▶ _Your instructions_
Without the images, print all the entries below exactly as given.

------ Material shown

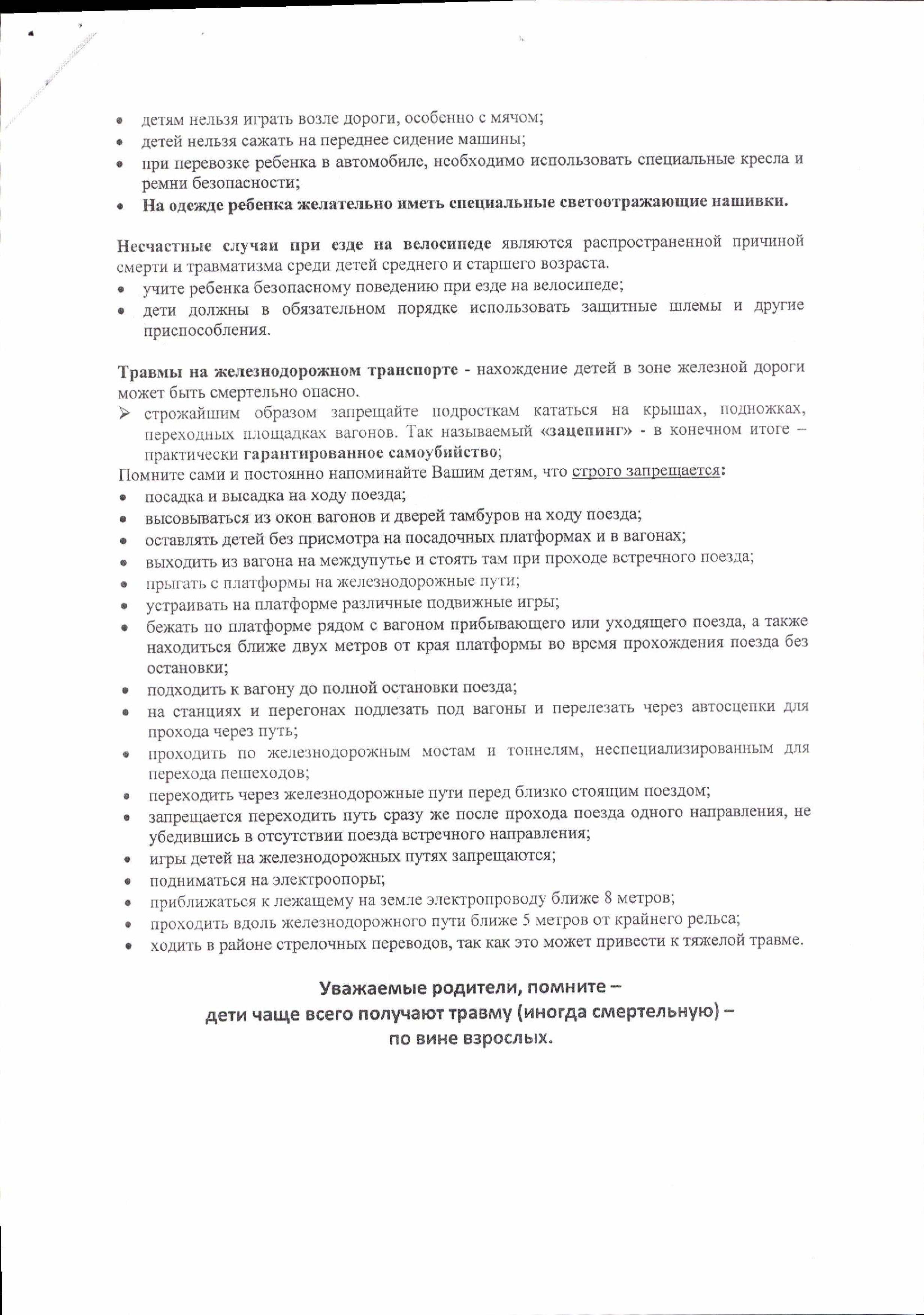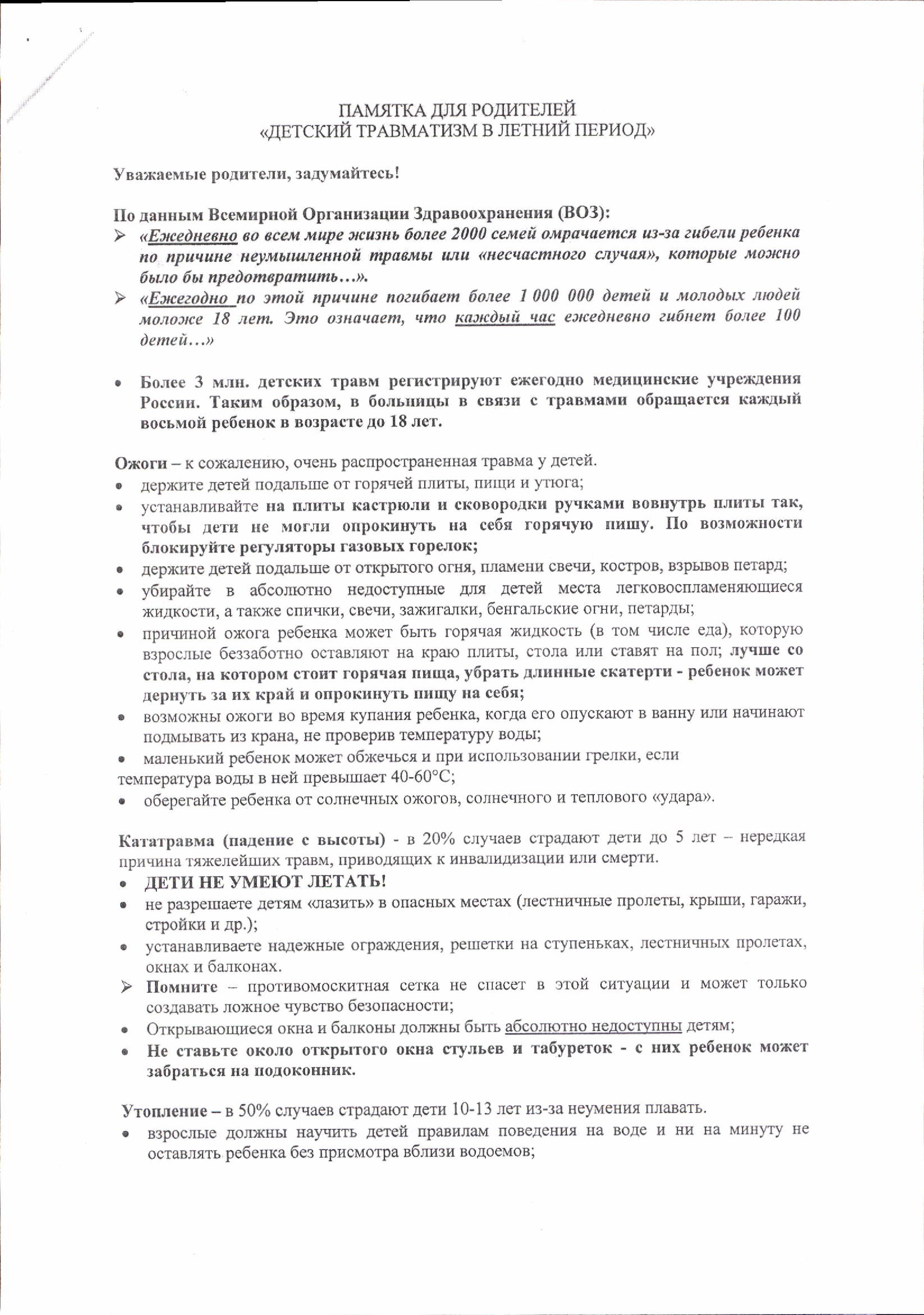 Памятка для родителей «Детский травматизм в летний период»
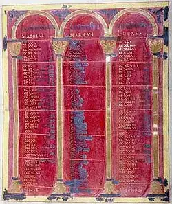 - f6r - 11v: Canon tables, on vellum dyed purple, lettered in gold and (badly oxidised) silver, with arcaded surrounds in gold and silver.
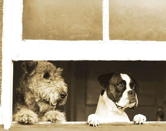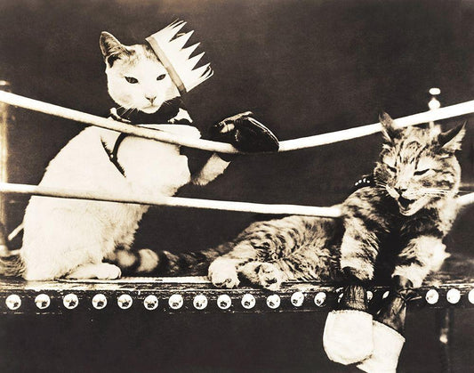 Catfight White Modern Wood Framed Art Print with Double Matting by Anonymous
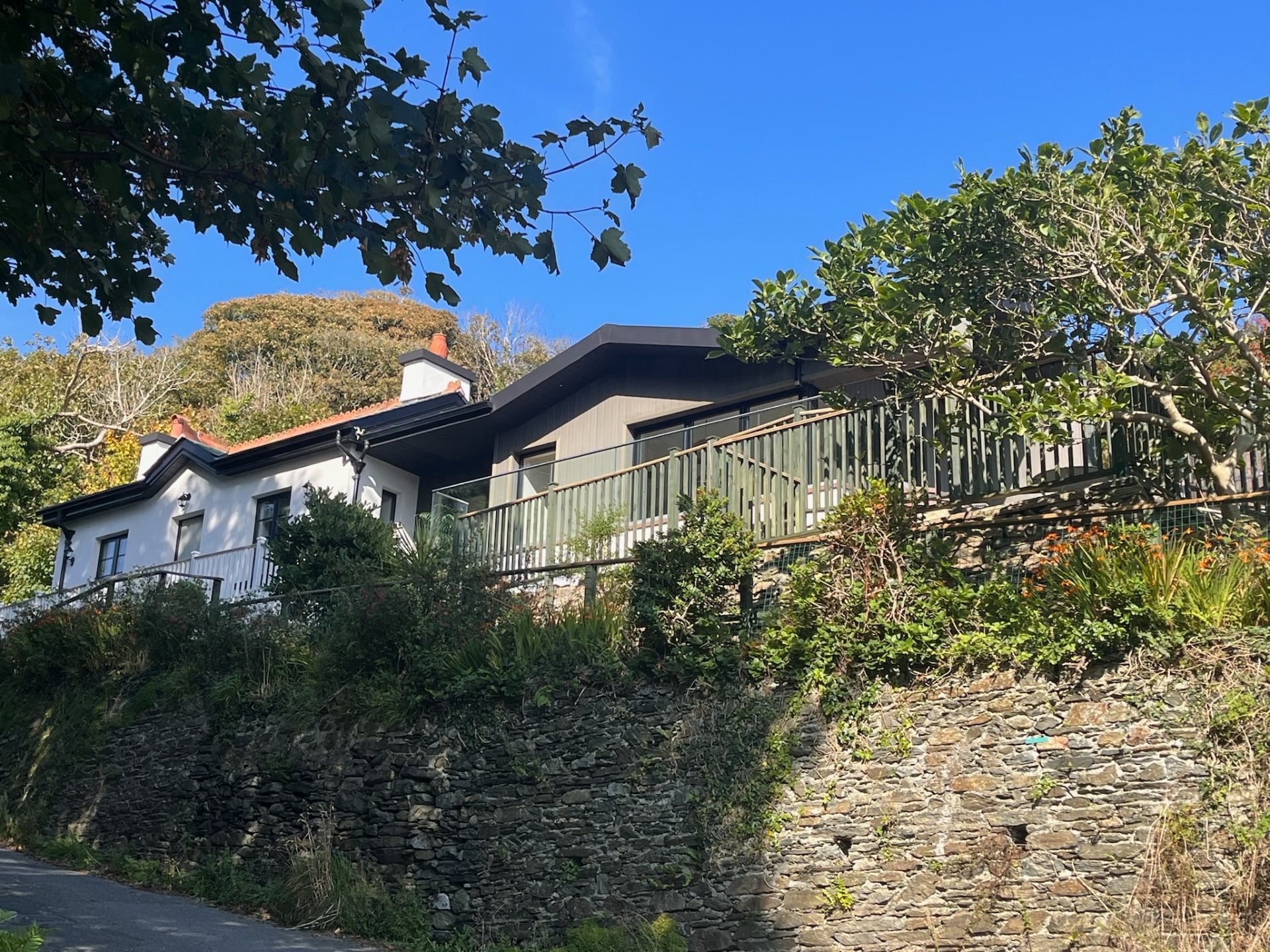 From the exterior, the cottage keeps much of its original character , with the addition of a south-facing living space and terrace in contemporary style, with exterior panelling, also featuring Manx stone steps to the various levels.
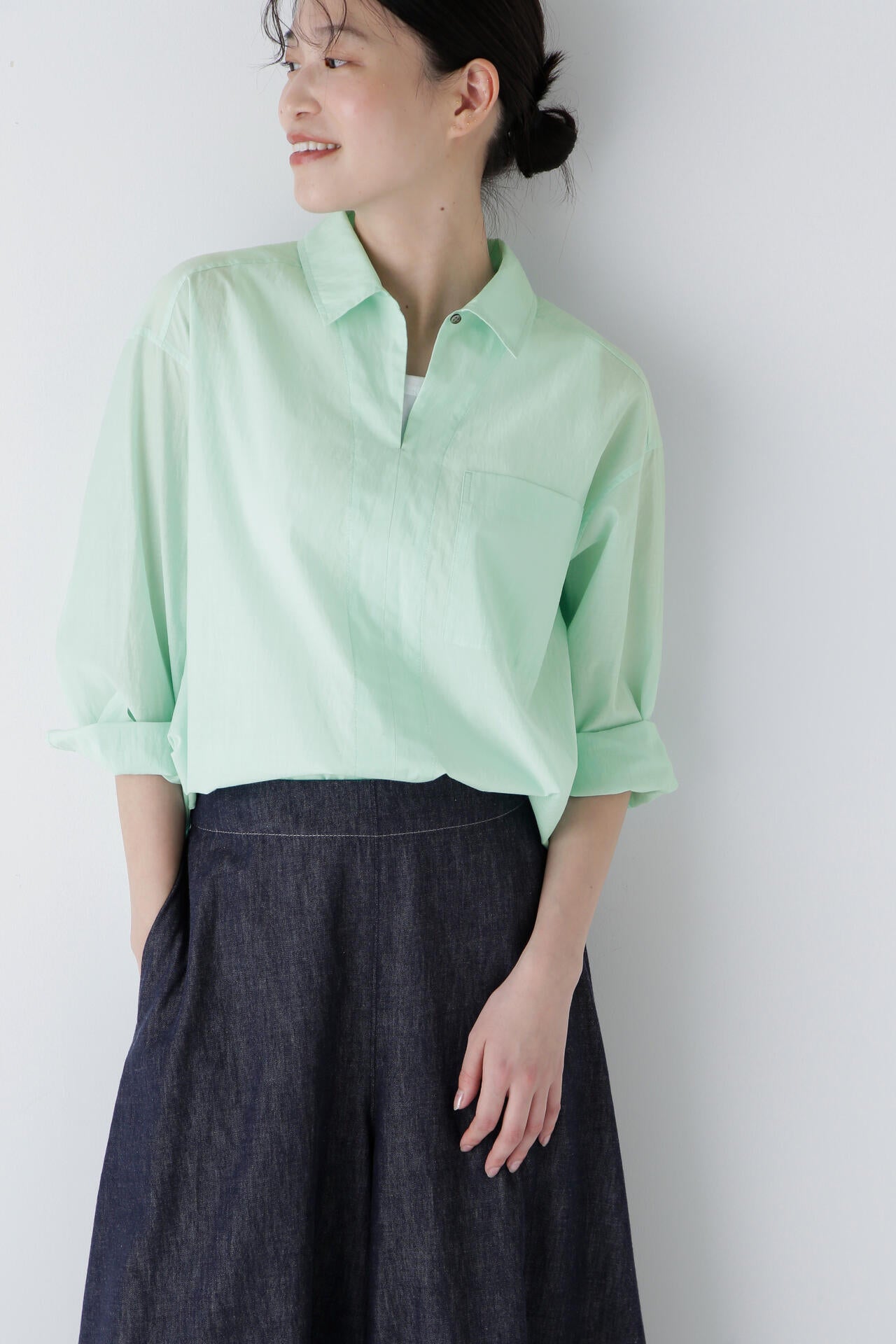 爽やかな抜け感を持つスキッパーブラウス

------------

▶ _Answer_
 Памятка для родителей «Детский травматизм в летний период»
 - f6r - 11v: Canon tables, on vellum dyed purple, lettered in gold and (badly oxidised) silver, with arcaded surrounds in gold and silver.
 Catfight White Modern Wood Framed Art Print with Double Matting by Anonymous
 From the exterior, the cottage keeps much of its original character , with the addition of a south-facing living space and terrace in contemporary style, with exterior panelling, also featuring Manx stone steps to the various levels.
 爽やかな抜け感を持つスキッパーブラウス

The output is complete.